What the exercise asks: Only the lines from the one with "Rosa-grüner Teppich, 6,3" through the final line below belong in the answer, copied exactly and without pictures.

Data below:
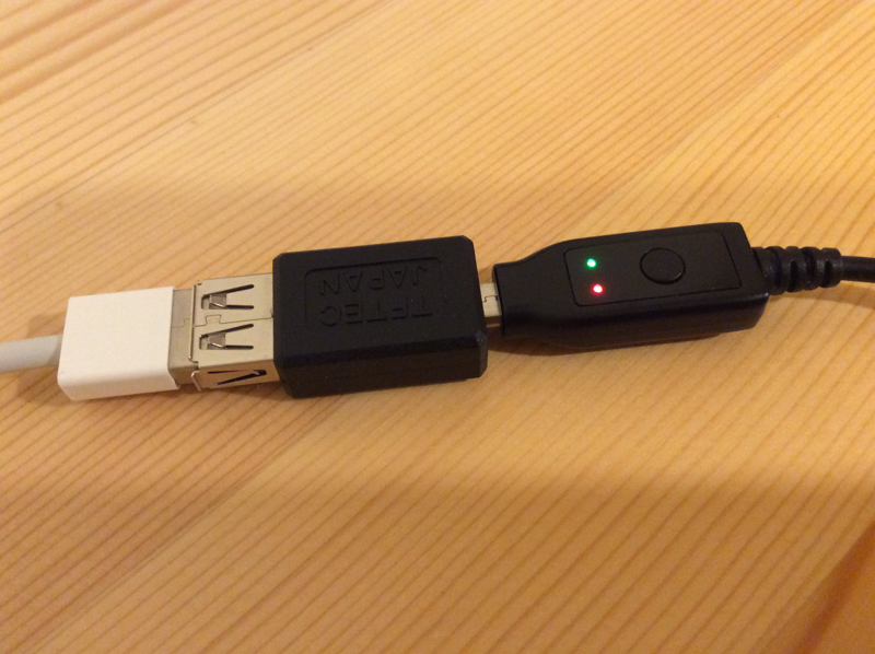 そこで、動作保証外なのは承知の上で、Micro-B端子をUSB Type Aのメスへ変換するアダプターを購入して、iPhone7とつなげてみた。
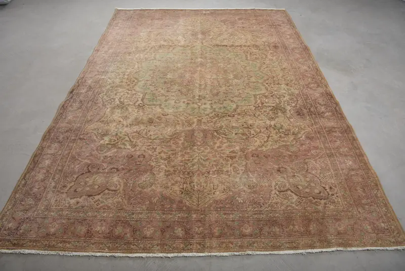 Rosa-grüner Teppich, 6,3 x 9,4 Fuß großes botanisches Design
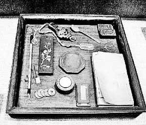 抓周礼所需之物,也已齐备。计有钢笔、毛笔、笔记本、《古兰经》、木剑、玩具等。明日都将置于桌上,让小儿任意来抓。全家老小,寄望小儿能抓到一个较理想的物件。因教门中常有人言,如果男孩抓到了笔,将来便是个满腹诗书的读书人;如果抱起了《古兰经》,就会是个学识渊博的虔诚阿訇;如果拿起了剑,就是个好勇尚武的好汉;如果既抓了笔又拿了剑,那将来便是个文武双全的将才了。母亲最为担心的,无非是万一小儿一手抓起玩具,将来只怕要变成好吃懒做之人;万一小儿什么也不抓,那他将来可就一事无成,一辈子做个庸人了。
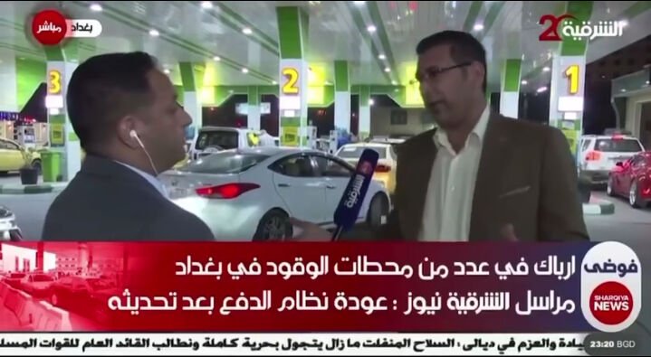 السيد مدير عام شركة المنتجات النفطية حسين طالب يجري تحديثات على عمل المحطات ومدير هيئة توزيع بغداد السيد محمد شبر يرافق الاعلامي خطاب عادل ويكشف عن اليه العمل في الغاء التعامل بالنقد وتفاصيل مهمة تخص الادارة الفنية لضبط ايقاع العمل في توزيع الوقود.

Response below:
 Rosa-grüner Teppich, 6,3 x 9,4 Fuß großes botanisches Design
 抓周礼所需之物,也已齐备。计有钢笔、毛笔、笔记本、《古兰经》、木剑、玩具等。明日都将置于桌上,让小儿任意来抓。全家老小,寄望小儿能抓到一个较理想的物件。因教门中常有人言,如果男孩抓到了笔,将来便是个满腹诗书的读书人;如果抱起了《古兰经》,就会是个学识渊博的虔诚阿訇;如果拿起了剑,就是个好勇尚武的好汉;如果既抓了笔又拿了剑,那将来便是个文武双全的将才了。母亲最为担心的,无非是万一小儿一手抓起玩具,将来只怕要变成好吃懒做之人;万一小儿什么也不抓,那他将来可就一事无成,一辈子做个庸人了。
 السيد مدير عام شركة المنتجات النفطية حسين طالب يجري تحديثات على عمل المحطات ومدير هيئة توزيع بغداد السيد محمد شبر يرافق الاعلامي خطاب عادل ويكشف عن اليه العمل في الغاء التعامل بالنقد وتفاصيل مهمة تخص الادارة الفنية لضبط ايقاع العمل في توزيع الوقود.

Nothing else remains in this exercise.